На Севере же думают иначе. Они забыли или делают вид, что забыли историю: не было великих цивилизаций без рабства. Северян надо переубедить. Их можно переубедить. Не всех, конечно, но многих. Они не знают Юга, никогда не видели ни хлопкового поля, ни цветущих магнолий. Многие не видели южанина, уверенного в себе, с колыбели привыкшего командовать, умеющего командовать. Не ездить туда — это просто страх, неверие в наши идеи. А я в них верю и противников не боюсь.

…Диспут в актовом зале Гарвардского университета идет пятый час. Все места заняты, многие стоят. Джон Браун сел сзади. Зрение у него отличное — ораторов увидит, а ему хотелось видеть публику. Светлые и темные головы — будущие богословы, юристы, историки. Пока еще юнцы. Такие же молодые парни были с ним в Канзасе. Но эти все — грамотеи, у многих — стопки книг в руках, на стульях. Шумят. Звучат неизвестные Брауну слова. Будто и не по-английски разговаривают. Называют друг друга не по именам, а как-то странно, по кличкам. Чужой. Он здесь чужой. В той семинарии, куда он так и не поступил восемнадцатилетним, были похожие ребята. И он, деревенщина, тоже был чужим.

На трибуне — две кафедры. За одной — Филипс. Спокоен, тверд, его, видно, здесь знают, любят. За другой — Фитцхью. Когда же Браун в последний раз видел крупного плантатора? Неужели с тех детских лет, после Лэмберта, не слышал, не видел? Пожалуй, только мельком. По внешности — обыкновенный американец. Говорит по-южному, растягивает слова.
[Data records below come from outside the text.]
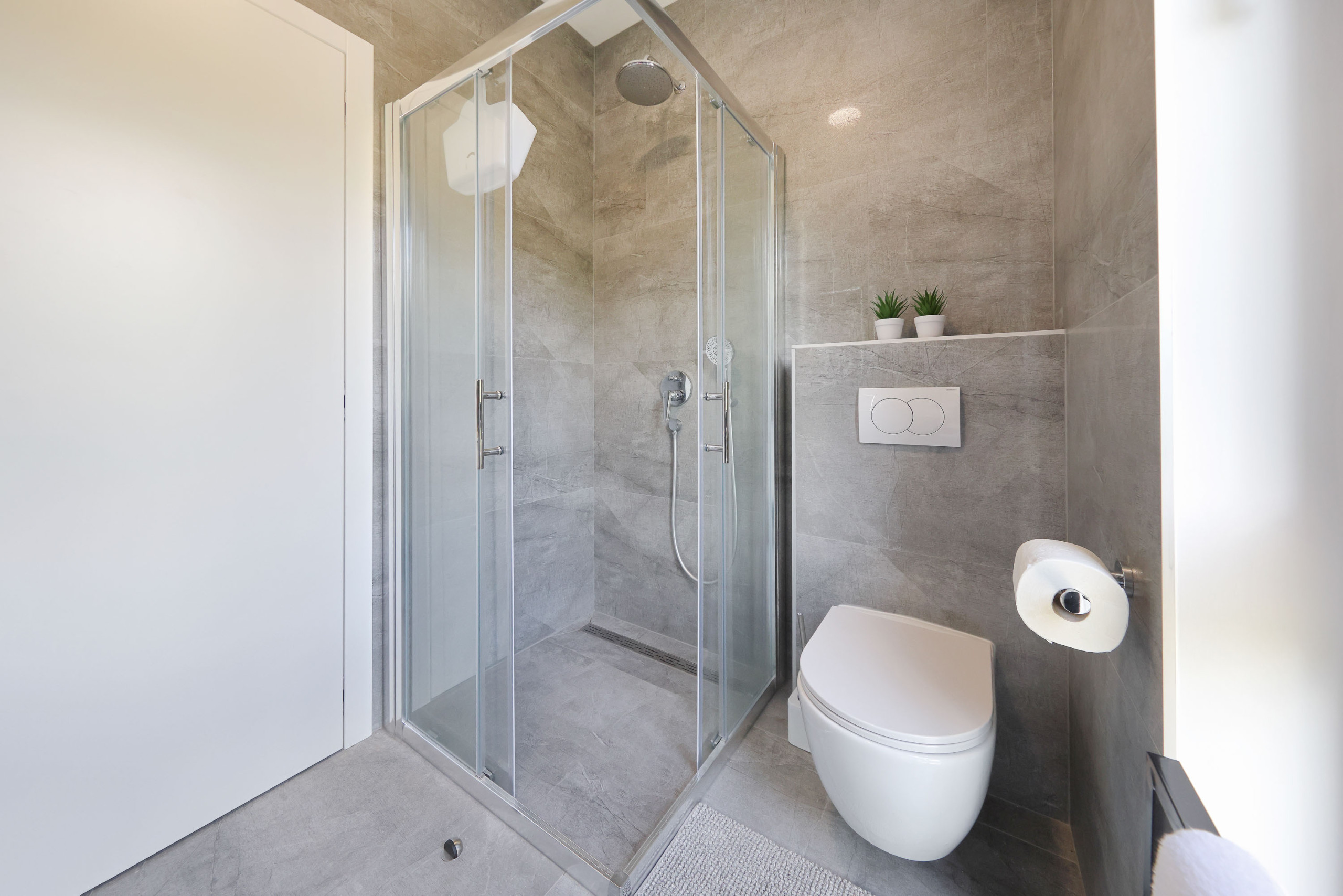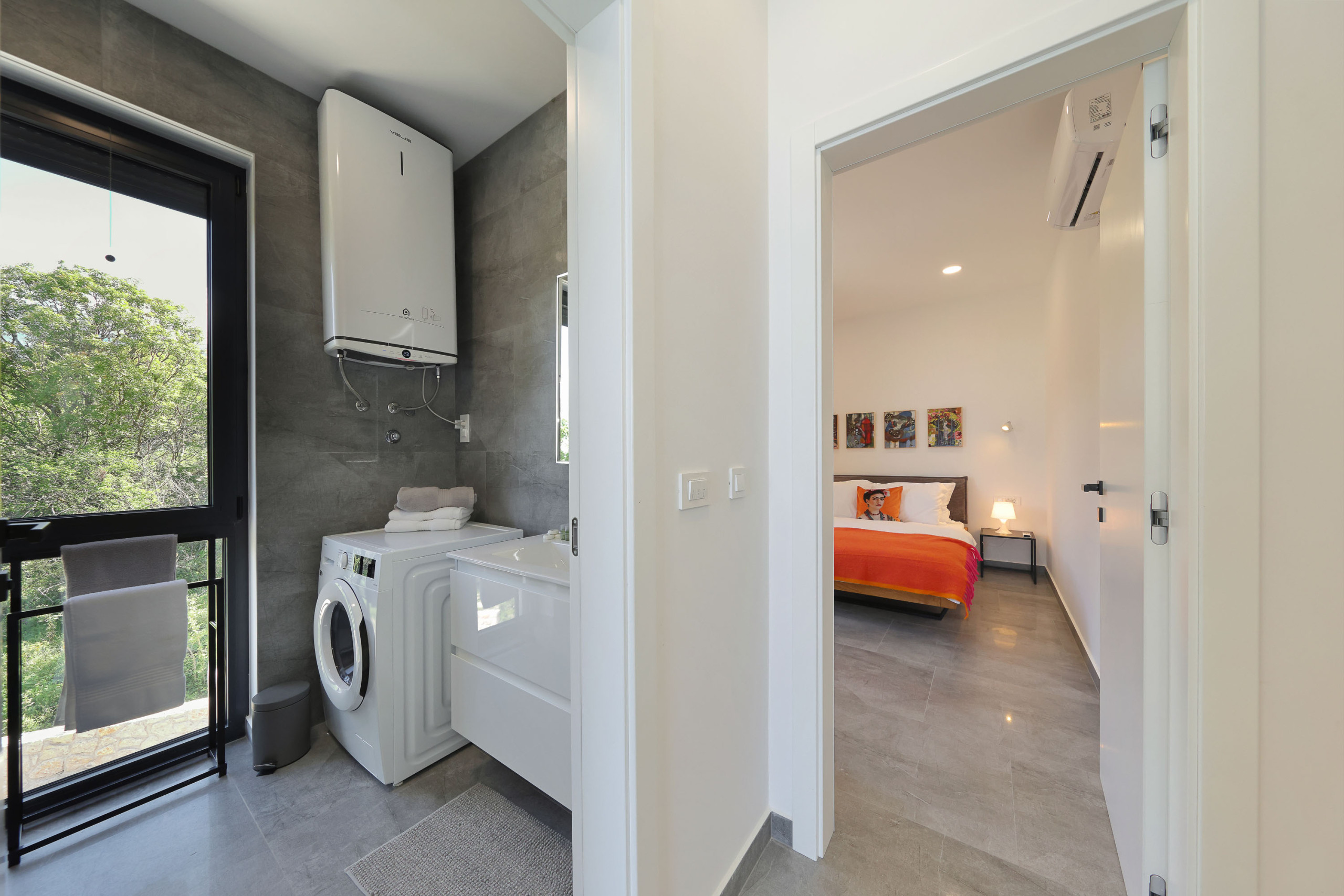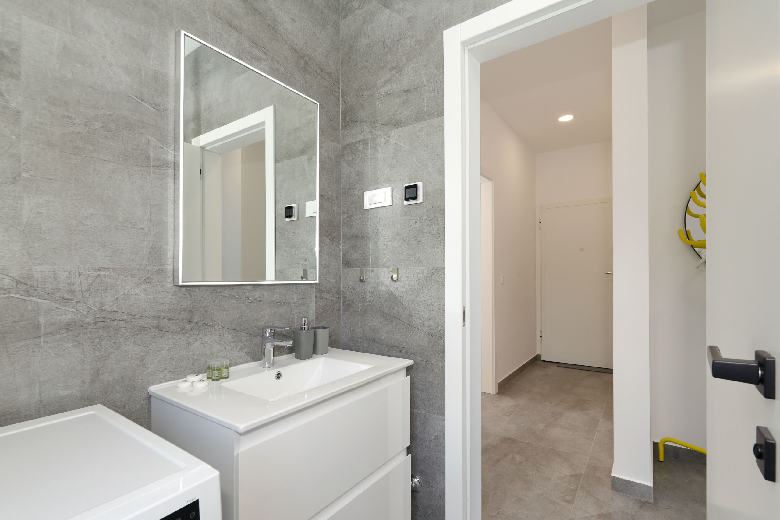 The modern bathroom includes a walk-in shower, toilet, and washing machine, and there's also a practical utility room with an iron, ironing board, and cleaning supplies. The entire apartment is tiled with high-quality porcelain tiles, contributing to a clean and allergy-friendly indoor environment.
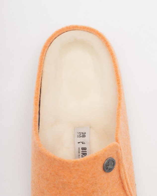 Enjoy ultimate comfort with these Birkenstock slippers. With a removable insole, you can customize the fit to your liking. The shearling lining provides a cozy feel, while the soft wool felt upper creates a soft, welcoming texture. These slippers are ideal for relaxing at home or pampering your feet after a long day.
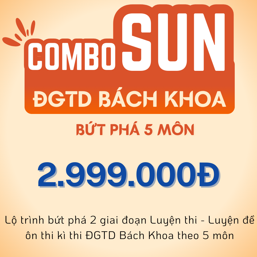 - Combo SUN ĐGTD BÁCH KHOA (TSA) - BỨT PHÁ 5 MÔN (TOÁN, ĐỌC HIỂU, LÍ, HOÁ, SINH)

Он начал, а в зале не сразу утихли, потому Браун схватил середину фразы:

— …я был в Европе, там голод, настоящий голод. Трудно и сравнивать, но на фоне Европы Юг поражает отсутствием преступлений, главной свободой — свободой от нужды. Приехал я сегодня утром в ваш город, ходил по Бостону — нищие на улицах… Ни в одном южном городе вы этого не увидите. Заговорил с одним, с другим — с фабрики выгнали, уволили, остался без хлеба. Что же они, по-вашему, не рабы?

— Нет, не рабы. Их нельзя заковать в цепи, нельзя разлучить мужа с женой, мать с детьми, их нельзя продать, их нельзя убить…

«…Молодец, Филипс! А я бы, пожалуй, не сразу нашел ответ».

— Вы просто не знаете, что такое плантация. Я не меньше вашего возмущен плантаторами — негодяями, садистами. Но таких — единицы. Надеюсь, вы госпожу Бичер-Стоу не причислите к защитникам Юга, однако Саймон Легри, он ведь не южанин, а янки, и это не случайно. Проживи я в Бостоне неделю, я здесь тоже обнаружу и негодяев, и садистов. Печально, но такие есть в каждом сообществе, это присуще природе человеческой.

— Согласен с вами. Только здесь они не наделены такой абсолютной и, значит, развращающей властью, как ваши плантаторы.

— Но и хозяин фабрики не безвластен.

— Не безвластен, но с плантатором не сравнить.

Об этом Брауну вовсе не приходилось думать. Что-то Филипс не ахти как убедительно отвечает.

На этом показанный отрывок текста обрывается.